Paramount ruler of Ebiraland Ohinoyi of Ebiraland
- In office: 1997–2023
- Coronation: Okene, Kogi State, Nigeria
- Predecessor: Sanni Omolori
- Born: 7 February 1929
- Died: 29 October 2023 (aged 94) Abuja, Nigeria
- Burial: Azad Palace,
- Issue: Malik, Azad

Names
- AbdulRahman Ado Ibrahim
- House: Omadivi
- Father: Attah Ibrahim Onoruoiza
- Religion: Islam
- Occupation: • Ohinoyi • businessman

= Ado Ibrahim =

Nigerian traditional ruler (1929–2023)

Abdulrahman Ado Ibrahim (7 February 1929 – 29 October 2023) was the fourth traditional ruler and Ohinoyi of Ebiraland, a traditional state with headquarters in Okene, Kogi State, Middle Belt, Nigeria. He was a son of the second attah (now "ohinoyi") of Ebiraland, Ibrahim Onoruoiza, of the Omadivi clan, who reigned from 1917 to 1954.

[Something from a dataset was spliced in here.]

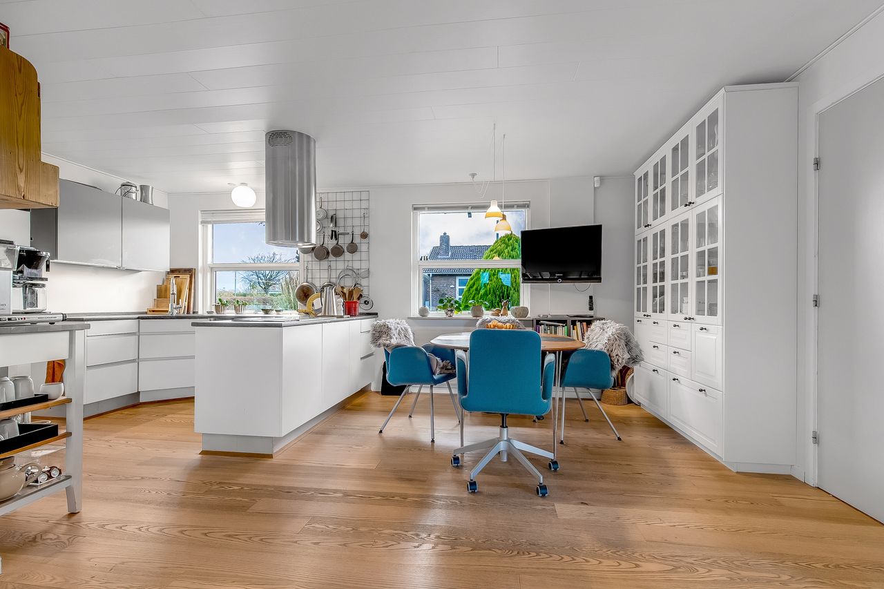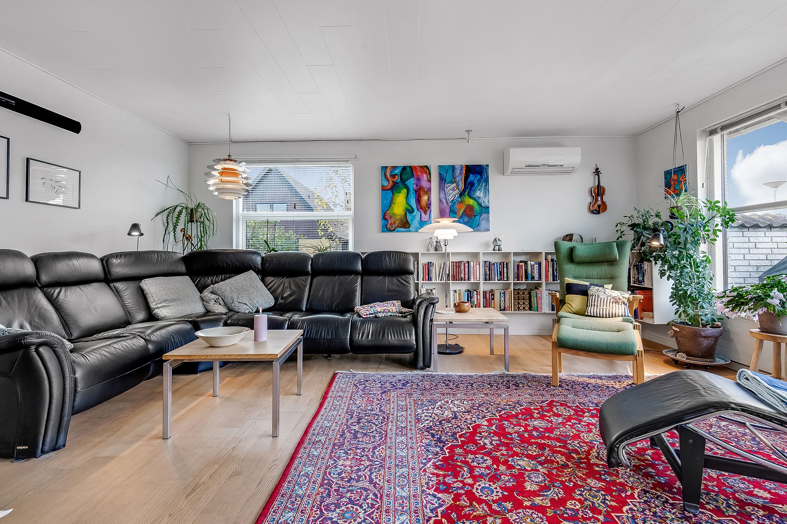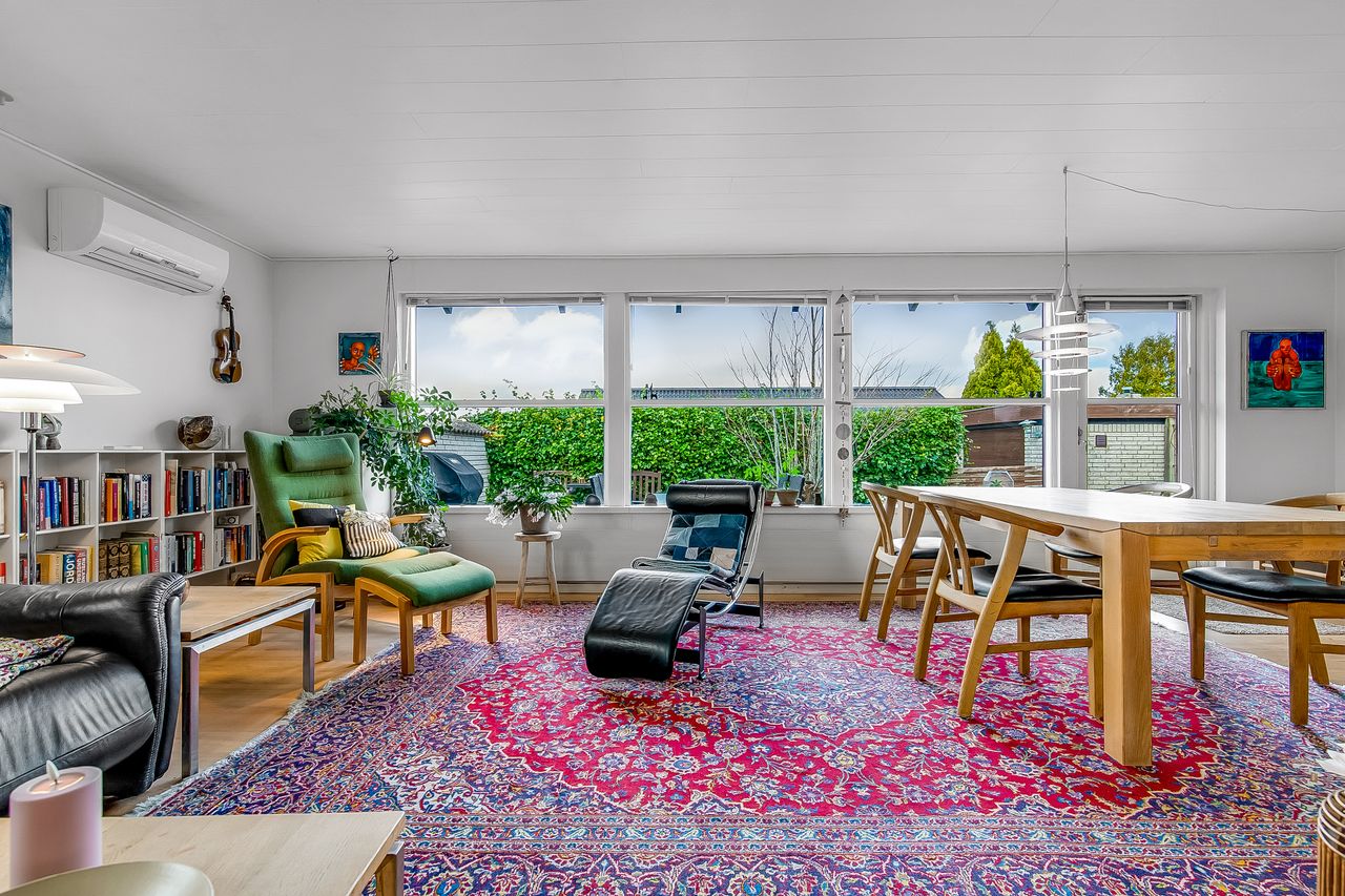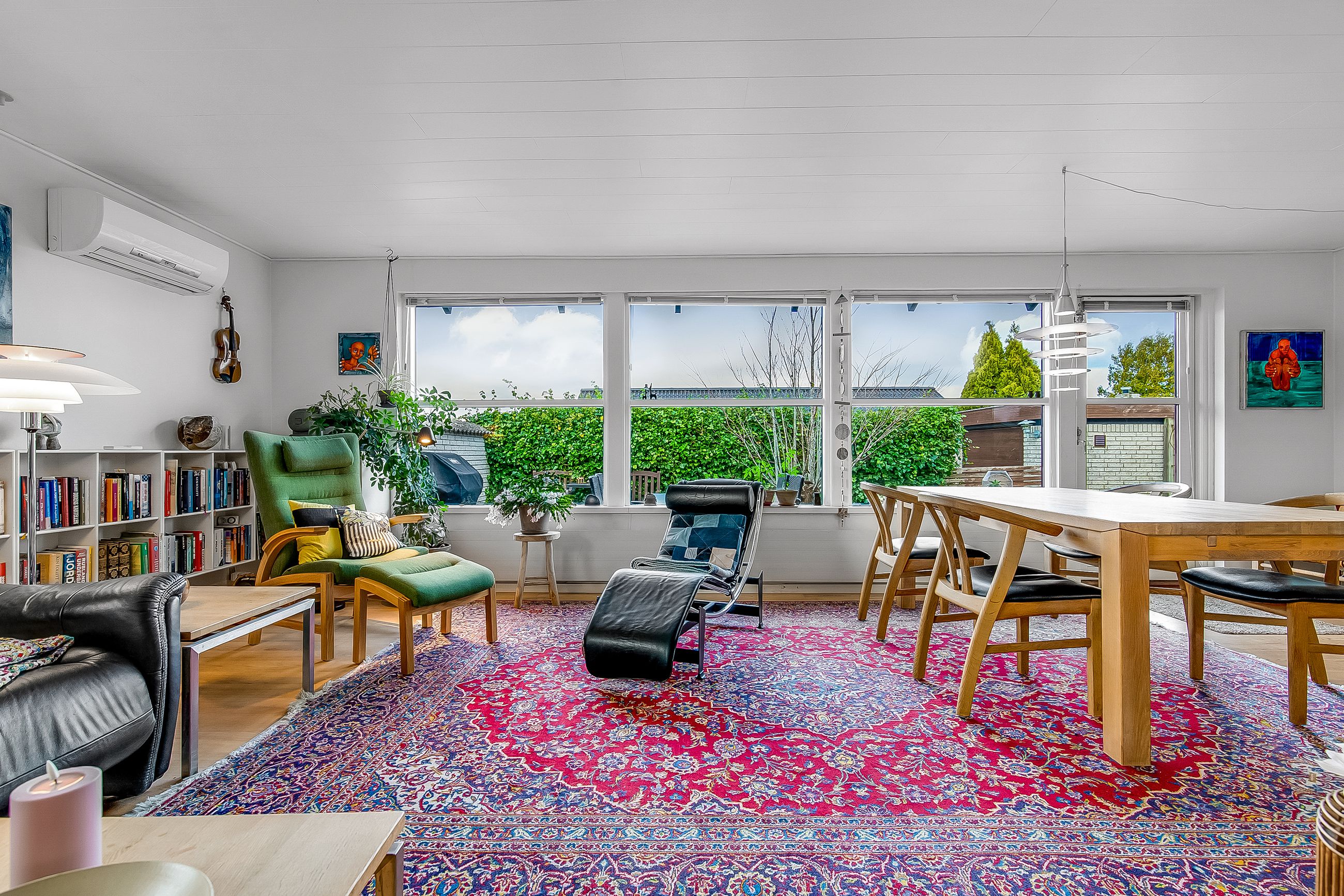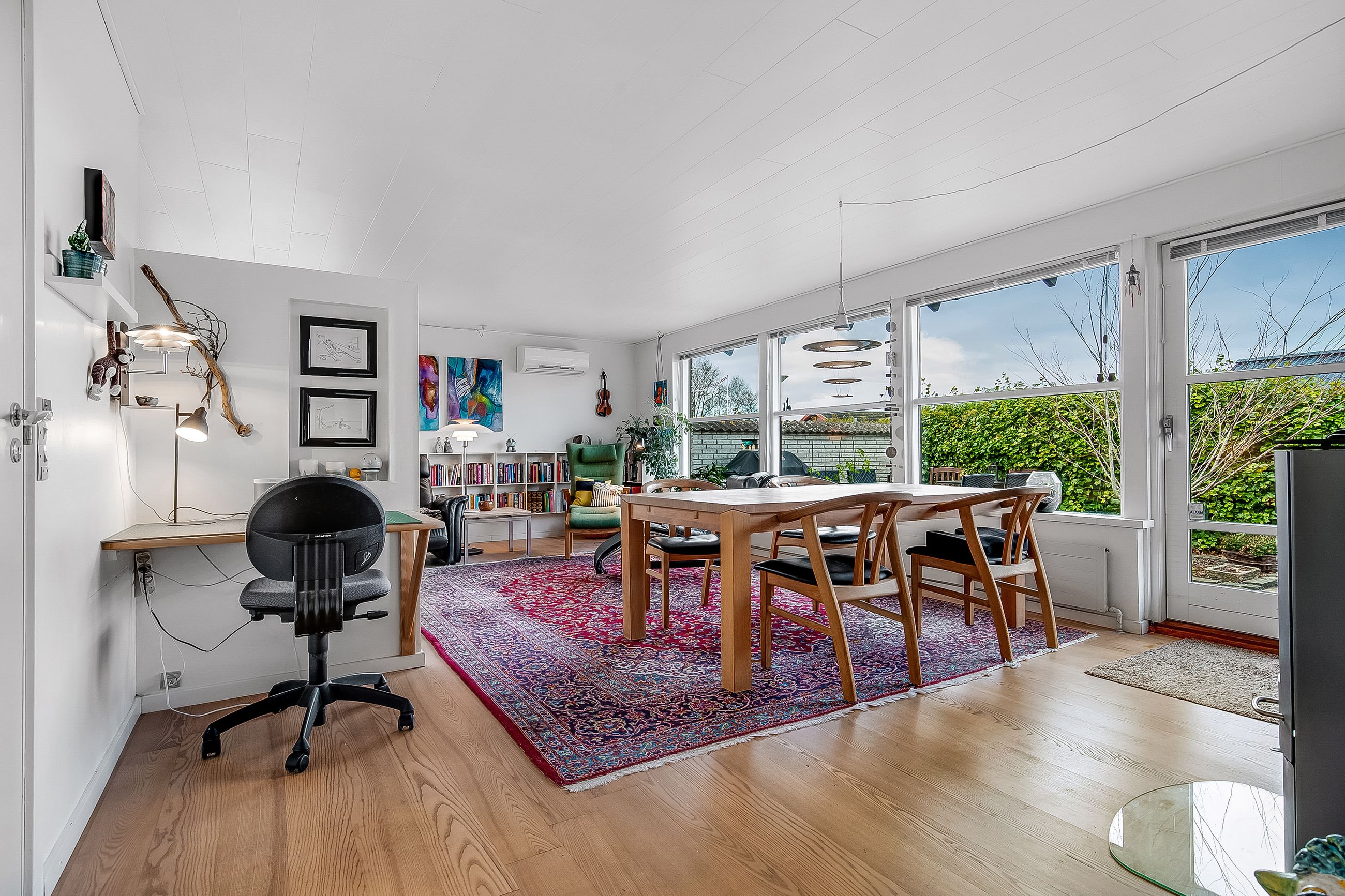 Området udmærker sig bl.a. ved sine lukkede vænger & interne stisystemer, som fører børn sikkert rundt i kvarteret samt skole & sport. Nuværende ejer har opdateret villaen på en lang rækker punkter - her har været særligt fokus på energioptimering. Af større arbejder kan bl.a. nævnes udskiftning af tag inkl. efterisolering, udskiftning af vinduer, isolering af sokkel, opsætning af solcelleanlæg samt luft-luft varmepumpe og meget mere.Den samlede energirenovering har resulteret i et flot energimærke med karakteren B!Udover energioptimeringerne, har nuværende ejer tillige forestået en modernisering af ejendommen, som bl.a. omfatter nye gulve i køkken, alrum & stue, udskiftning af køkken samt modernisering af både badeværelse & gæstetoilet. Villaens indretning: Adgang til boligen via rummeligt bryggers. Her er god plads.Lyst & indbydende køkken i åben forbindelse med alrum. Fra alrumsdelen adgang til 2 tidstypiske værelser samt fordelergang til nydeligt badeværelse med god bruseniche & vask i arrangement. Tillige stort soveværelse med skabsvæg. Endvidere lys stue med udgang til dejligt terrassemiljø. Fra stue adgang til fin entré med videre adgang til regulært værelse samt gæstetoilet. Til ejendommen hører god garage & redskabsrum. Nydeligt anlagt have udlagt i flotte miljøer med bl.a. indbydende forhave, privat & ugeneret baghave med stort terrassemiljø & tillige nyttehave med dejligt drivhus/orangeri. Gode, energivenlige rammer med skøn beliggenhed i Ø-kvarteret. Velkommen til Vejrøvænget 31.

== Early years and education ==
Ibrahim was born on 7 February 1929. He attended both western nursery and Quranic schools. He went on to conclude his primary education in 1940 at the Native Authority (NA) primary school in Okene, Northern Region (now Kogi State). He began his secondary school education at Ondo Boys High School and later moved to Oduduwa College, where he graduated in 1949. In 1954, he obtained a bachelor's degree in Economics from the London School of Economics and a master's degree from Harvard Business School in 1959.

== Enthronement ==
Following the death of Ohinoyi Sanni Omolori of the Oziada clan in 1997, the Lagos-based entrepreneur and son of the second paramount ruler of Ebiraland, Abdulrahman Ado Ibrahim, ascended the Okene throne as the second Ohinoyi or fourth independent traditional ruler of Ebiraland on 2 June 1997.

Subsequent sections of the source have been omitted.